## Exercise
Your task is to copy the data exactly while leaving out every picture.
::: Data supplied :::
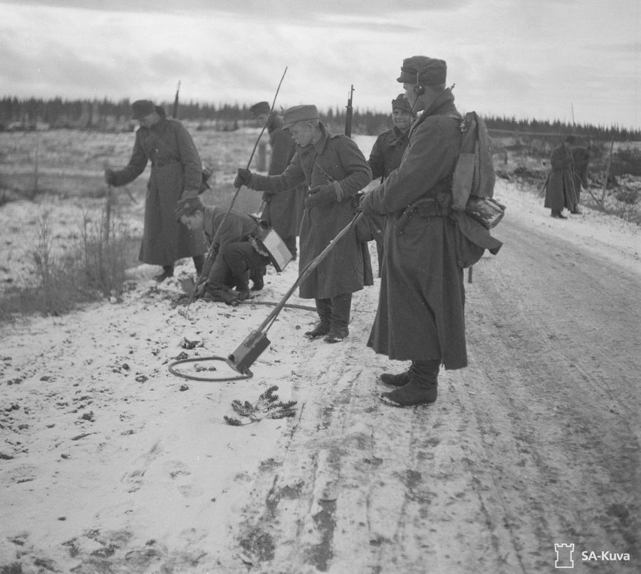 PICTURE: Finnish soldiers with mine-detector m/41 and prods are searching landmines
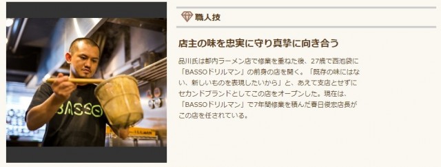 品川氏は都内ラーメン店で修業を重ねた後、27歳で西池袋に「BASSOドリルマン」の前身の店を開く。「既存の味にはない、新しいものを表現したいから」と、あえて支店とせずにセカンドブランドとしてこの店をオープンした。現在は、「BASSOドリルマン」で7年間修業を積んだ春日俊宏店長がこの店を任されている。
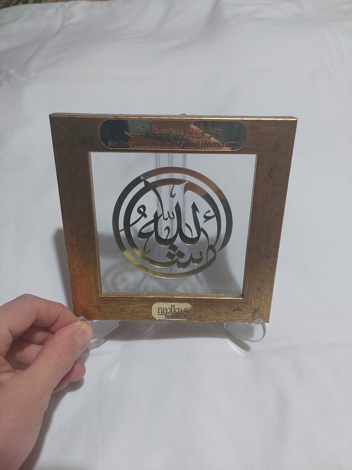 Parlak altın renkli, kare çerçeveli hat sanatı tablosudur. Ortasında İslami kaligrafi bulunur, yansıtıcı yüzeye sahiptir. ️14×14 cm
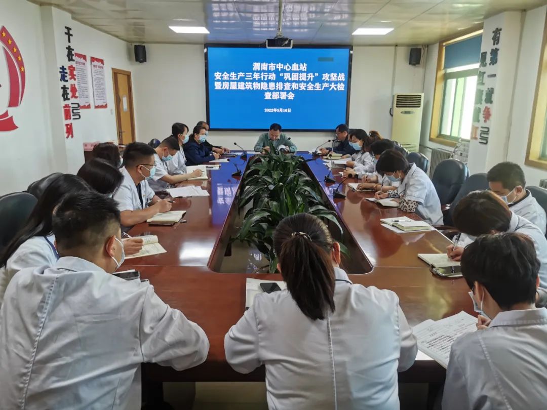 5月16日,渭南市中心血站召开安全生产三年行动“巩固提升”攻坚战暨房屋建筑物隐患排查和安全生产大检查部署会。站领导班子及各科科室负责人参加会议,会议由站党总支书记、站长严胜利主持。
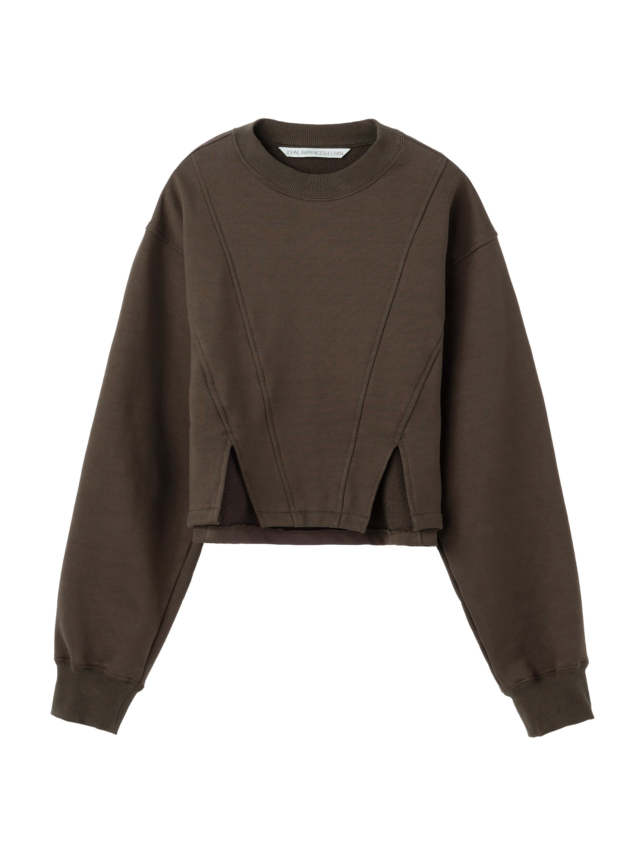 コルセットを思わせるカットラインと前スリットが特徴的なプルオーバー。
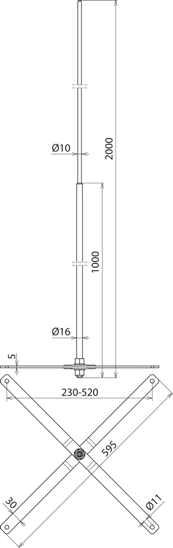 | Ecartement des profilés | 230-520 mm |
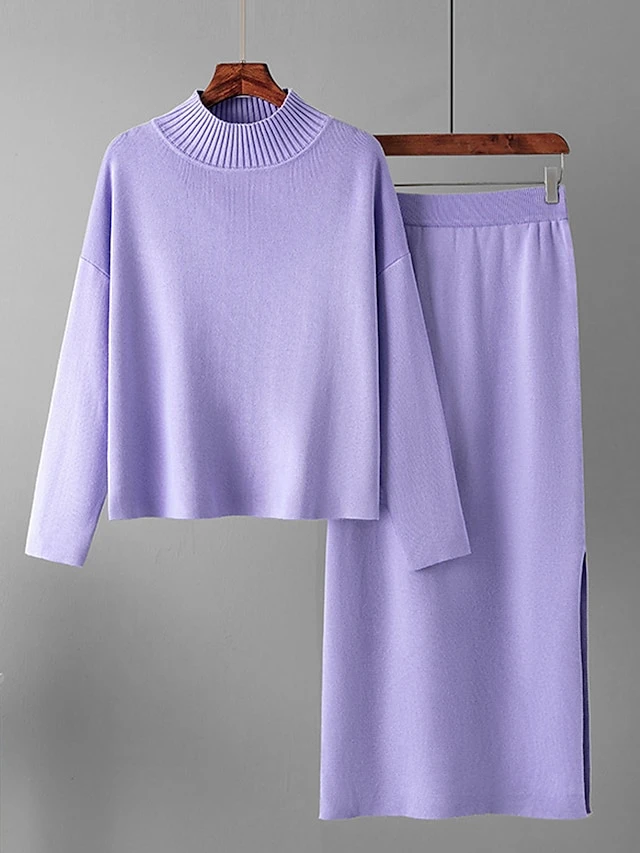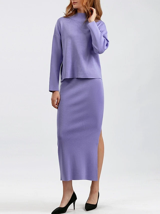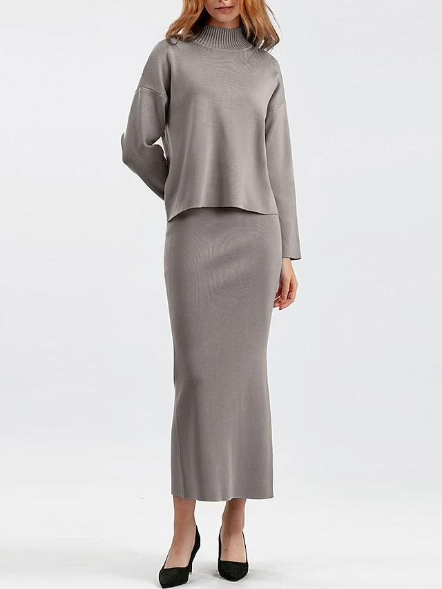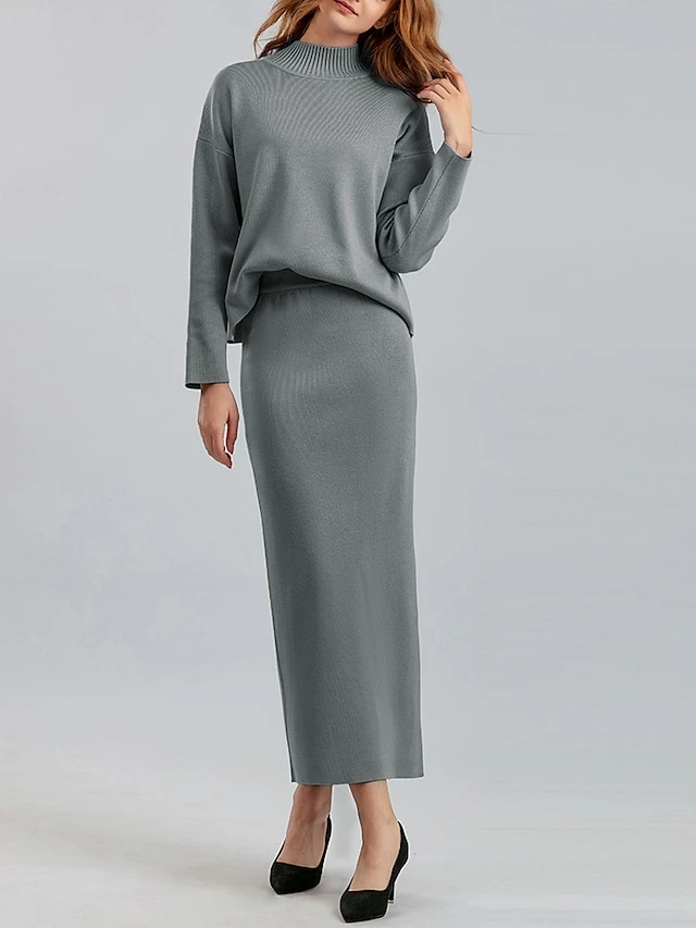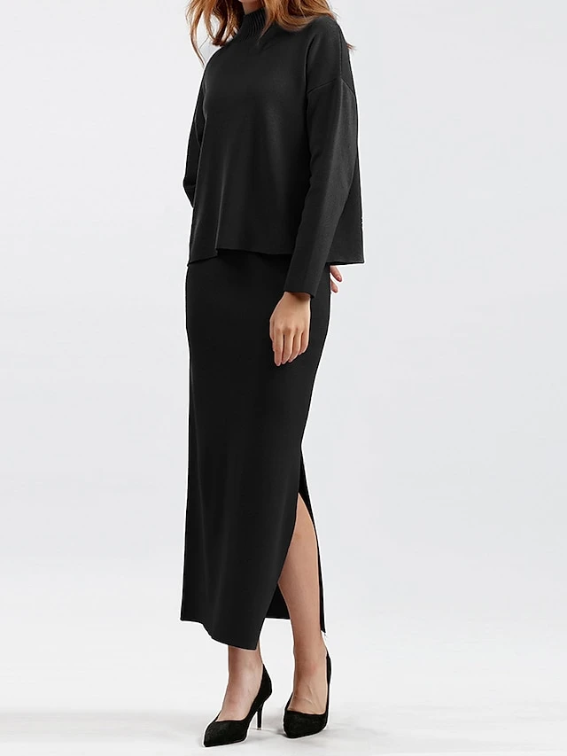 Women’s Two Piece Dress Set Casual Dress Skirt Set Outdoor Daily Fashion Streetwear Split Ribbed Midi Dress Turtleneck Long Sleeve Plain Loose Fit Black Light Green Blue Fall One-Size
:::
## Your solution
 PICTURE: Finnish soldiers with mine-detector m/41 and prods are searching landmines
 品川氏は都内ラーメン店で修業を重ねた後、27歳で西池袋に「BASSOドリルマン」の前身の店を開く。「既存の味にはない、新しいものを表現したいから」と、あえて支店とせずにセカンドブランドとしてこの店をオープンした。現在は、「BASSOドリルマン」で7年間修業を積んだ春日俊宏店長がこの店を任されている。
 Parlak altın renkli, kare çerçeveli hat sanatı tablosudur. Ortasında İslami kaligrafi bulunur, yansıtıcı yüzeye sahiptir. ️14×14 cm
 5月16日,渭南市中心血站召开安全生产三年行动“巩固提升”攻坚战暨房屋建筑物隐患排查和安全生产大检查部署会。站领导班子及各科科室负责人参加会议,会议由站党总支书记、站长严胜利主持。
 コルセットを思わせるカットラインと前スリットが特徴的なプルオーバー。
 | Ecartement des profilés | 230-520 mm |
 Women’s Two Piece Dress Set Casual Dress Skirt Set Outdoor Daily Fashion Streetwear Split Ribbed Midi Dress Turtleneck Long Sleeve Plain Loose Fit Black Light Green Blue Fall One-Size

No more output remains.